Builders Risk vs. Contractors All Risk Insurance
Contractors all risk insurance only applies to policies written outside of the United States, but it is merely a hybrid policy that combines the coverage of both builders risk and contractor general liability insurance policies. These all risk policies also usually offer various policy extension options. These non-traditional policies can be useful for contractors operating outside of the United States.
Builders Risk vs. Inland Marine Insurance
Inland marine insurance is intended to cover property at any location, whether it is in possession of its owner, in transit, or in the custody of another person. It is often used in construction by contractors to protect their tools and equipment, but it is common for many professionals who use and travel with expensive property or equipment, such as photographers and healthcare professionals.
Some insurers actually classify their builders risk policy as a form of inland marine insurance, even though the property being insured (the building) remains in one location. Most of the time, however, builders risk and inland marine policies are considered different forms of insurance with different purposes.
To complicate things further, some insurance companies will offer policy extensions to their builders risk insurance that cover the contractors’ tools and equipment. In this case, a separate inland marine policy is not necessary for the construction project, but this policy extension is not available with every insurance provider.
To summarize, builders risk insurance covers the building while it is under construction, and inland marine insurance covers the contractors’ equipment and tools (whether they are at the jobsite or in transit).
Related Guide: What is inland marine insurance?
Builders Risk vs. Property Insurance
Commercial property insurance covers all types of commercial property (buildings, inventory, furniture, etc.) against covered causes of loss, such as fire, theft and natural disaster. However, when businesses renovate or build new buildings on their property, the additions are not covered by standard commercial property insurance policies while they are being built.
Builders risk is actually a form of property insurance, but it is sold separate from standard commercial property management insurance policies because its protections only apply to the property when it is under or construction or being built. Even if a business already has property insurance covering their building, they will need to purchase a separate builders risk policy to cover that same building during a renovation or construction project.
Builders Risk vs. General Liability
General liability insurance, in construction, protects policyholders (usually contractors or construction companies), from third-party liability. An example would be if a third party alleges that the contractor caused an accident or injury. Most contractors or construction businesses carry general liability insurance.
A contractor general liability policy may actually cover damages to an in-progress structure if those damages were caused by a subcontractor that the policyholder hired. But all other situations where damages could occur to the in-progress structure (fire, weather, theft, vandalism) would not be covered by the general liability policy.

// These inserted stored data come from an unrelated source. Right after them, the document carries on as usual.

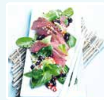
Asiatischer Salat mit wilden Blaubeeren
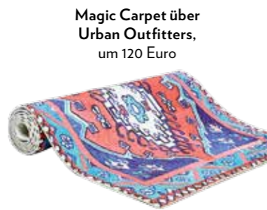
Magic Carpet über Urban Outfitters, um 120 Euro
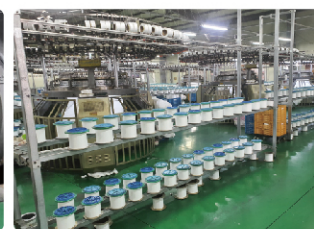
( Сүлжих )
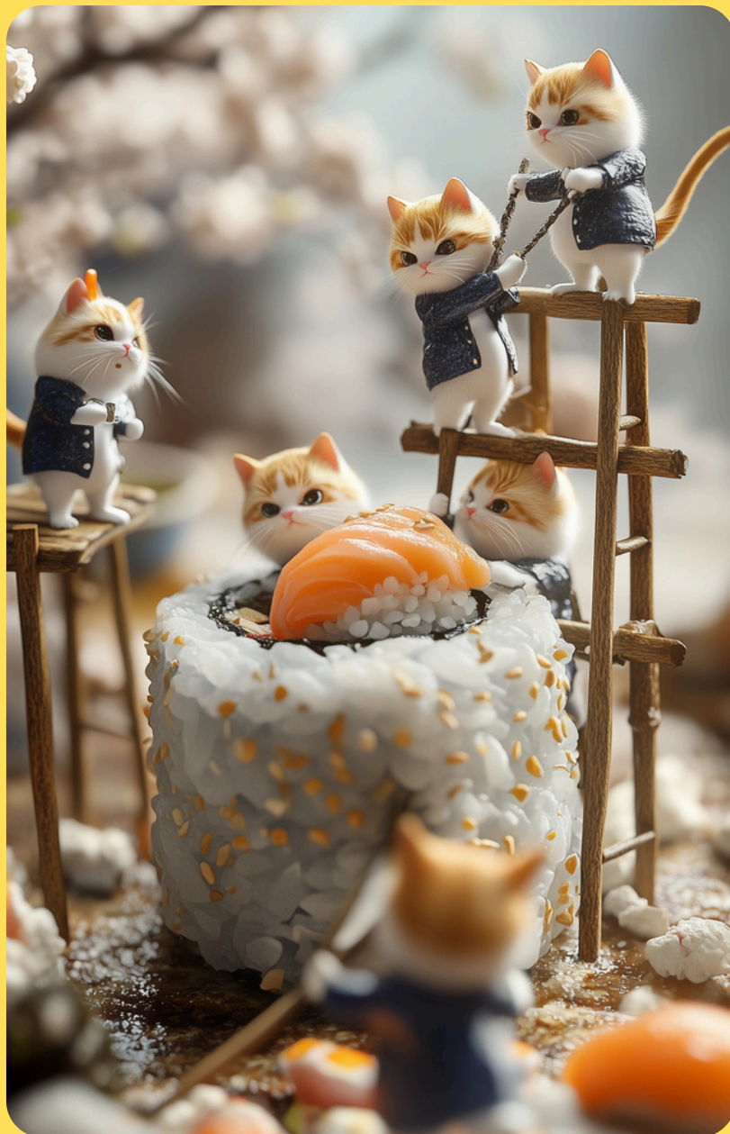
Ultra-realistic macro shot of a giant, freshly made sushi roll being worked on by tiny cats dressed in professional kitchen uniforms. Some cats are standing on scaffolding. Scene highly detailed and photorealistic. --ar 9:16 --style raw --stylize 150 --v 6.1
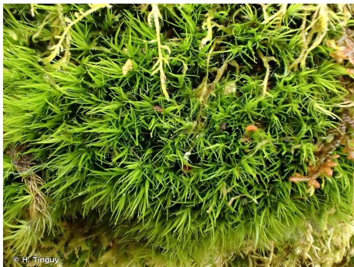
(Dicrane vert)

Le projet du PLU a pour objectifs d'attirer de nouveaux habitants en maintenant et en développant les activités économiques locales et celui du tourisme, tout en contenant l'urbanisation au sein de la zone urbaine actuelle. Une dizaine d'hectares est mobilisée dans le projet de PLU à cet effet. Pour autant, le PLU ne prévoit aucune zone d'extension de l'urbanisation. La densification du tissu urbain s'effectuera surtout dans le centre-bourg de Wangenbourg, à Obersteigen et à Engenthal-le-Bas sur des secteurs U déjà existant et majoritairement en dents creuses.
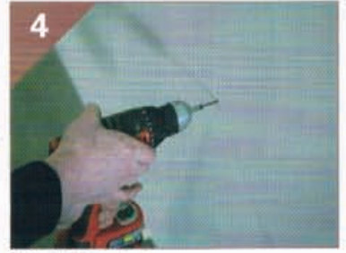
4 ネジ留めします。 グリーングルーは均一な薄い膜 (厚み0.5mm)を形成します。
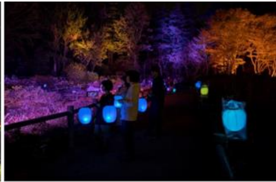
高橋匡太(Glow with Night Garden Project in Rokko 提灯行列ランドスケープ)2019年 六甲高山植物園
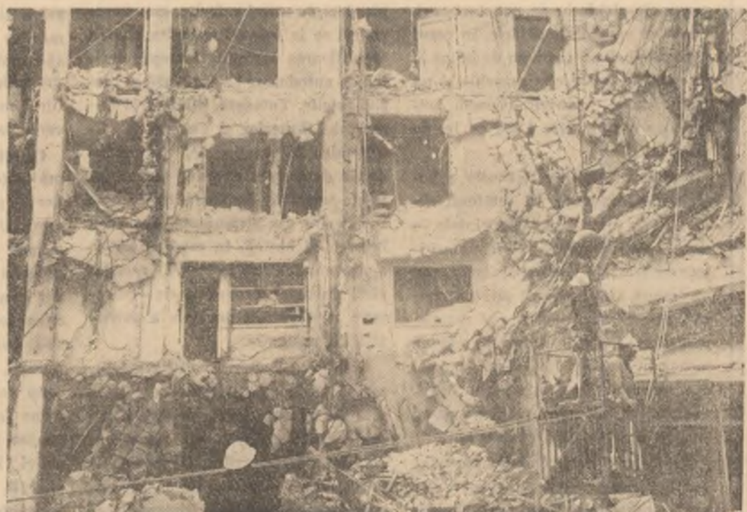
Așa arată blocul la parterul căruia se afla restaurantul „Dunrea”
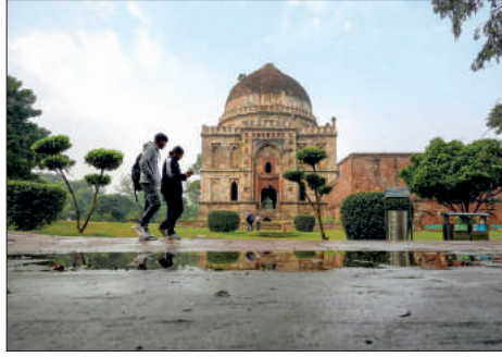
বৃষ্টিমান নোবি গোলী। টানা পোষাশ পর স্বস্তির বৃষ্টি দিল্লিতে।

দক্ষিণ ইজরায়েলের এইচটি শব্দের একটি স্থলে প্রবেশ হওয়া চলিয়েছিল বিহারের একটি গণিত গোলী।

Both of these policies will usually be necessary for any large contracted project in the United States. Those outside of the U.S. might consider a “builders all risk” or “contract works” insurance policy, which spans both areas of coverage.
Builders Risk vs. Installation Floater
Installation floaters are policy extensions for inland marine insurance policies that add coverage to equipment and property that is to be installed into a building or structure. Typically, the inland marine insurance policy will cover the contractor’s property, like tools, generators, and other equipment. Addition of an installation floater extends coverage to property that doesn’t belong to the contractor, but is to be installed during construction, for example, air conditioning units, water heaters, septic tanks, or roofing materials.
If a contractor is only installing something like an air conditioning unit or a hot water heater, builders risk insurance is much more coverage than necessary for the job. Adding an installation floater to an existing inland marine tool and equipment insurance policy will be the cheaper and more appropriate option to cover smaller projects like these.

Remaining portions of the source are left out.